Ervaren rot Bas Janssen heeft ook al veel bijzondere dingen meegemaakt. ‘Ik zit al vanaf mijn tienerjaren in het bedrijf van mijn vader. Daardoor heb ik al zoveel gezien op schoonmaakvlak. Qua crime scenes vind ik het vooral heftig als er kinderen bij betrokken zijn, dat horen we dan weleens als we er bezig zijn. Een andere zaak die me heel erg is bijgebleven is die van een man die al negen maanden dood in zijn huis lag. Zijn katten hadden van de man gegeten. Het stonk echt enorm ook naar kattenpis en -poep. Dat was heel heftig,’ zegt hij. Hij komt de vreemdste zaken tegen. ‘Dan worden we naar een huis gestuurd en komen we bijvoorbeeld twintig katten tegen, maar we hebben ook wel eens een alligator in een appartement gehad en zelfs een huis waar mensen maanden zonder water hadden geleefd, daar stond het vol met emmers met uitwerpselen. Dit soort dingen zie je vaak bij ontruimingen.’

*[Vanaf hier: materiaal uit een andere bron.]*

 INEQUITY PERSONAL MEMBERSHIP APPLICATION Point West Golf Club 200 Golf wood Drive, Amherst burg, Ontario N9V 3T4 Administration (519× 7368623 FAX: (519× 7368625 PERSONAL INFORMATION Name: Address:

In de bijzondere branche is ook een bijzondere trend op te merken: de individualisatie van de samenleving zorgt er steeds vaker voor dat mensen een lange tijd dood thuis liggen. Janssen: ‘Vroeger kende je de buren goed en sprak je elkaar. Er was sociale controle. Tegenwoordig zijn mensen steeds meer op zichzelf. Het probleem dat wij daardoor zien is dat steeds meer mensen een langere tijd ergens blijven liggen voordat iemand ontdekt dat ze niet meer in leven zijn.’

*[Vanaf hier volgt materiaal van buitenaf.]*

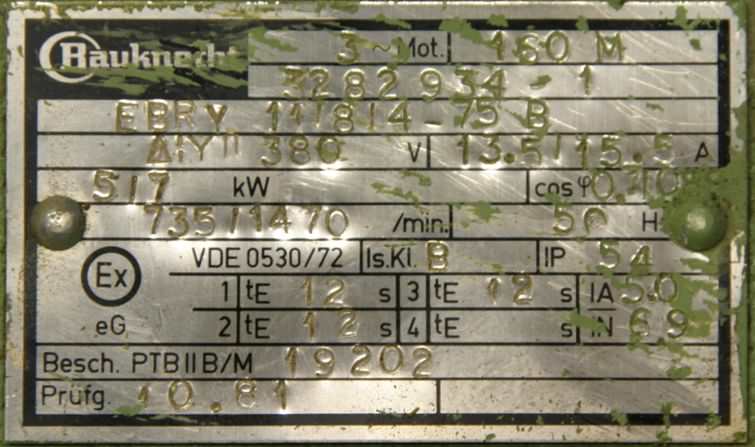 Tipo de máquina: Electric motor 5/7 kW 735/1470 Rpm

Ook ziet de manager van het schoonmaakbedrijf een stijging in het aantal zelfmoorden. ‘Niet alleen bij eenzame ouderen, maar ook onder jongeren.’ Janssen komt steeds vaker op plekken waar eenzame ouderen of andere mensen die zelfmoord hebben gepleegd al weken of zelfs nog langer liggen. Gek genoeg speelt de automatische incasso hier een opvallende rol in. ‘Vroeger moest je alles met een acceptgiro betalen. Als dan niet betaald werd, nam men contact op, of kwam er iemand aan de deur. Betalingen lopen door de automatische incasso soms wel maanden door nadat iemand is overleden, zeker in het geval van eenzame ouderen kan het daardoor soms heel lang duren voordat iemand ontdekt wordt.’

Niet bang ingesteld

Waar het Sittardse Schoonmaakbedrijf R. Janssen een jaar of twintig geleden misschien eens per jaar een verzoek kreeg om een plaats delict schoon te maken, gebeurt dat tegenwoordig veel vaker. ‘Nu zijn het er soms meerdere per week,’ zegt de algemeen manager van het bedrijf. ‘Ik denk dat we gemiddeld wel over een keer of twintig per maand spreken, dat is echt wel veel.’ Janssen ziet dat er ook wat bedrijven zijn bijgekomen in die crime scene cleaningbranche. ‘Ik denk dat er in Nederland momenteel zo’n drie bedrijven zijn die dit specifieke schoonmaakwerk doen. Wij doen het het langst. Maar natuurlijk is dit niet het enige wat we doen, we maken ook schoon bij bedrijven en voor particulieren.’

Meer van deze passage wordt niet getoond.